What you will do: Only one stretch of the data should be retyped: the lines from the line containing "2019 14×14 см" through the line containing "даю 20 баллов!!!". Keep pictures out of it.

Entries shown:
*** Block opens ***

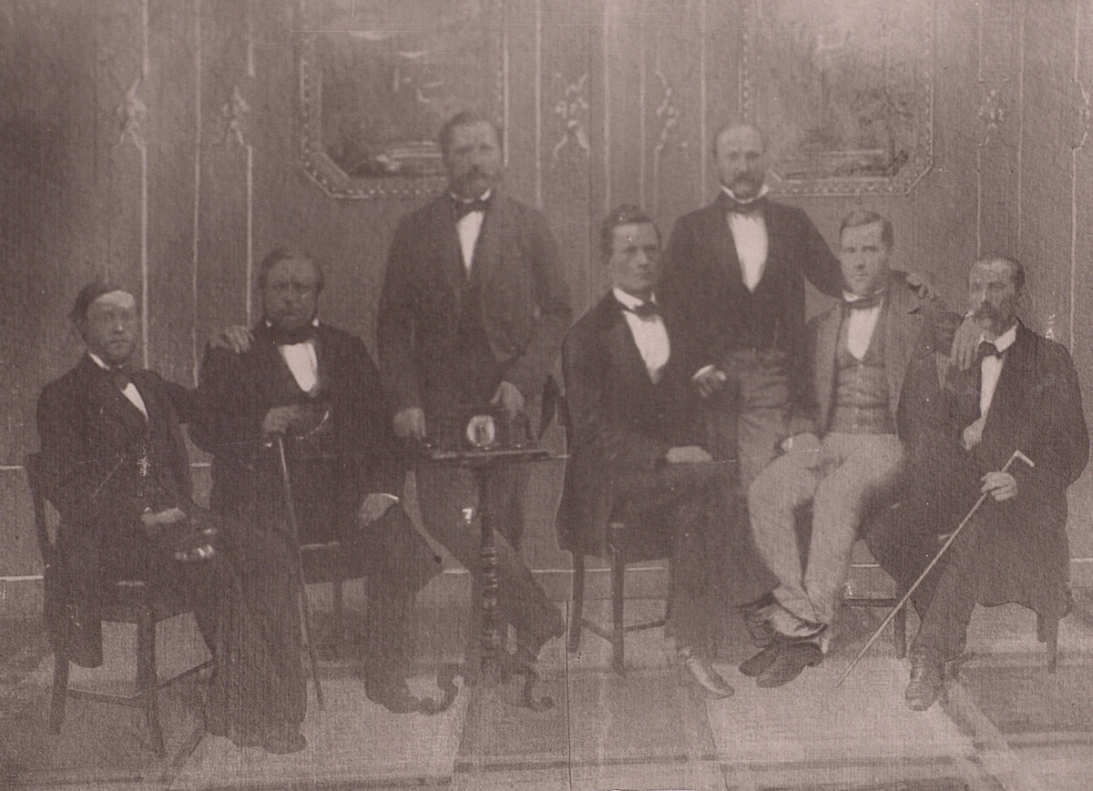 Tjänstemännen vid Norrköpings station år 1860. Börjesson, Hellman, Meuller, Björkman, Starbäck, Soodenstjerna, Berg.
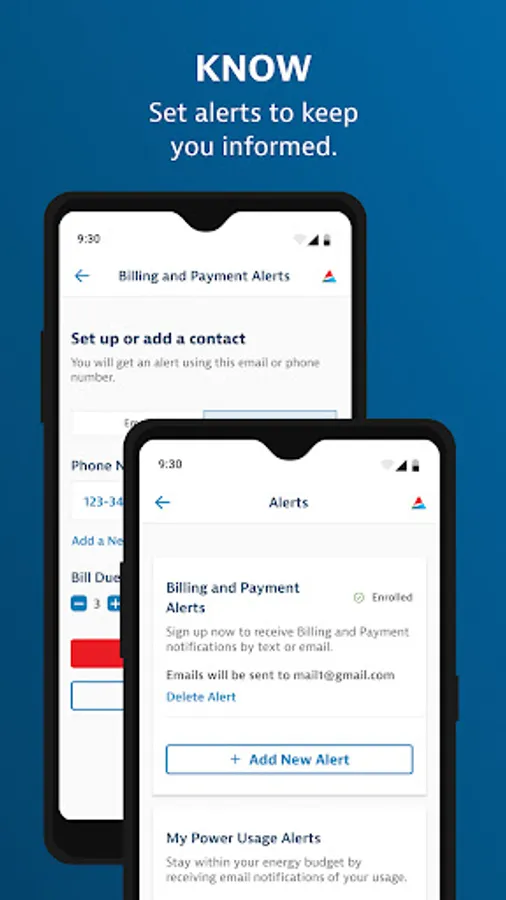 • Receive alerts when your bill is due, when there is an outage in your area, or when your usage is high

*** Block closes ***
*** Block opens ***

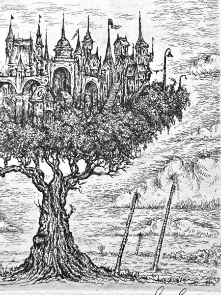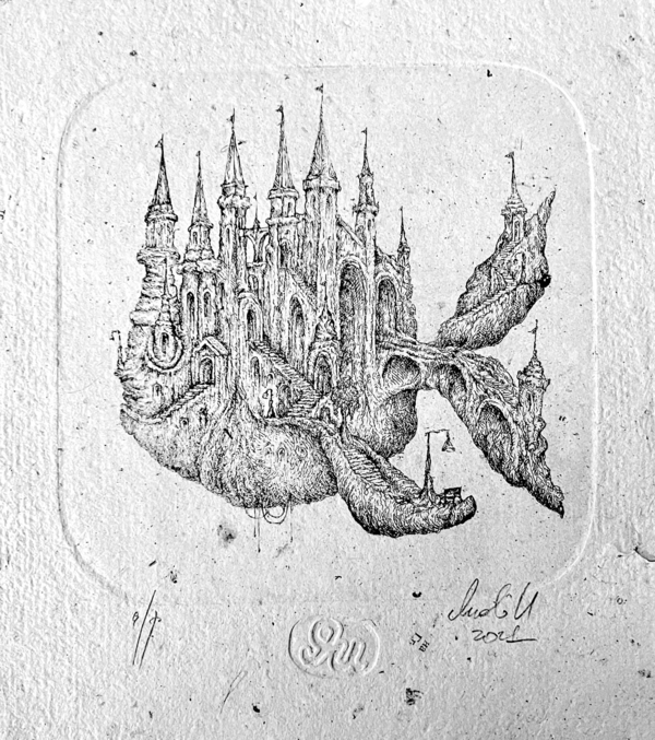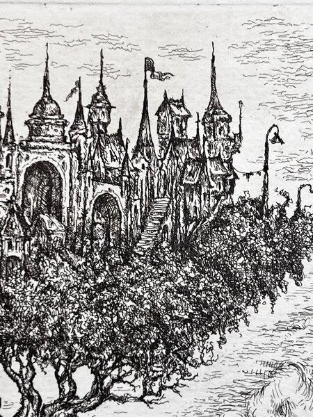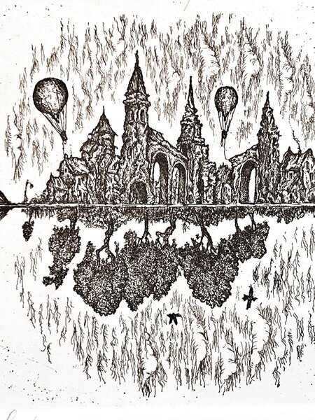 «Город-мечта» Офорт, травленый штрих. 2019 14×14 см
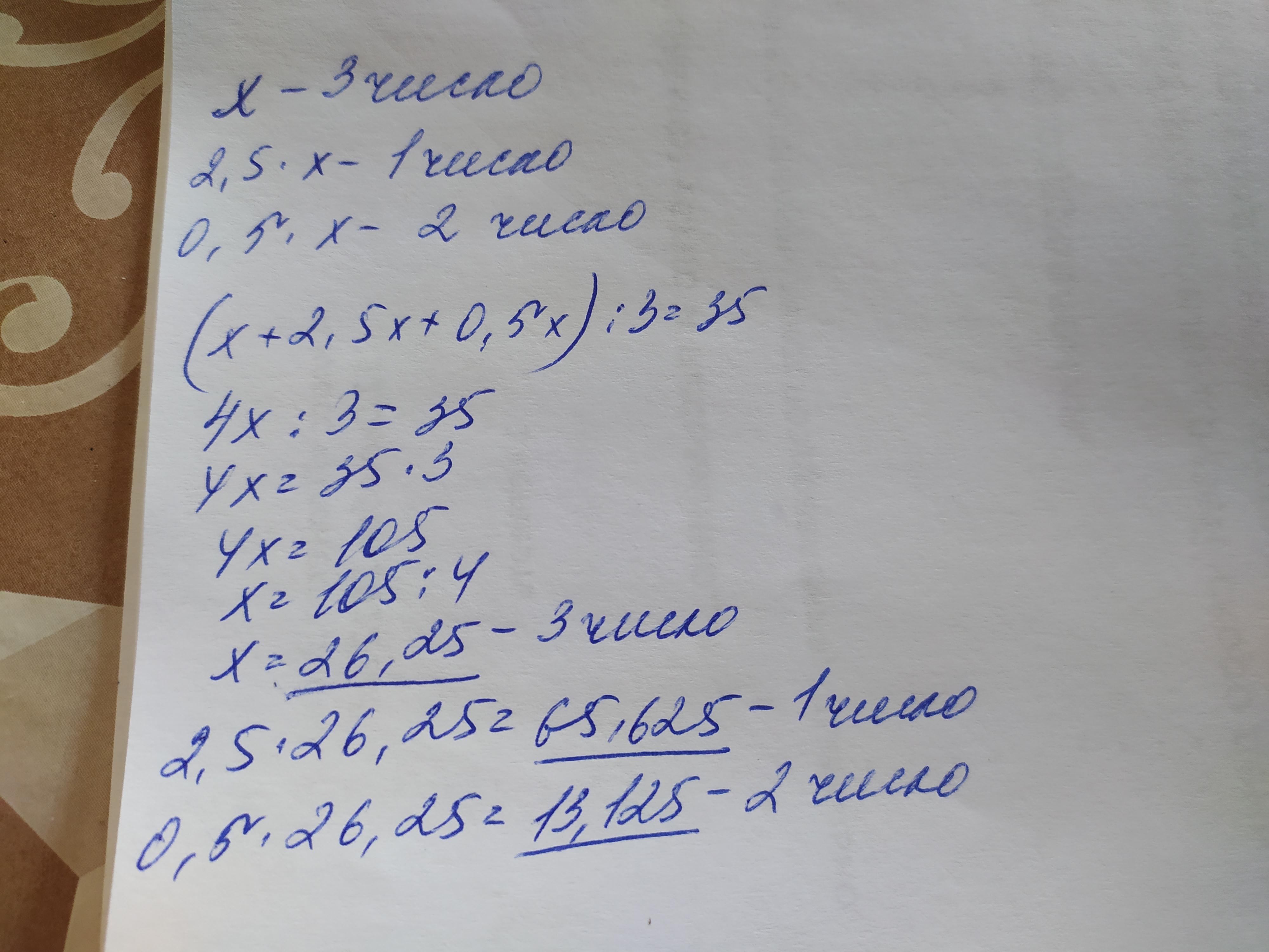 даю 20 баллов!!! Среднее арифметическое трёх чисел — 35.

*** Block closes ***

Answer for this exercise:
 «Город-мечта» Офорт, травленый штрих. 2019 14×14 см
 даю 20 баллов!!! Среднее арифметическое трёх чисел — 35.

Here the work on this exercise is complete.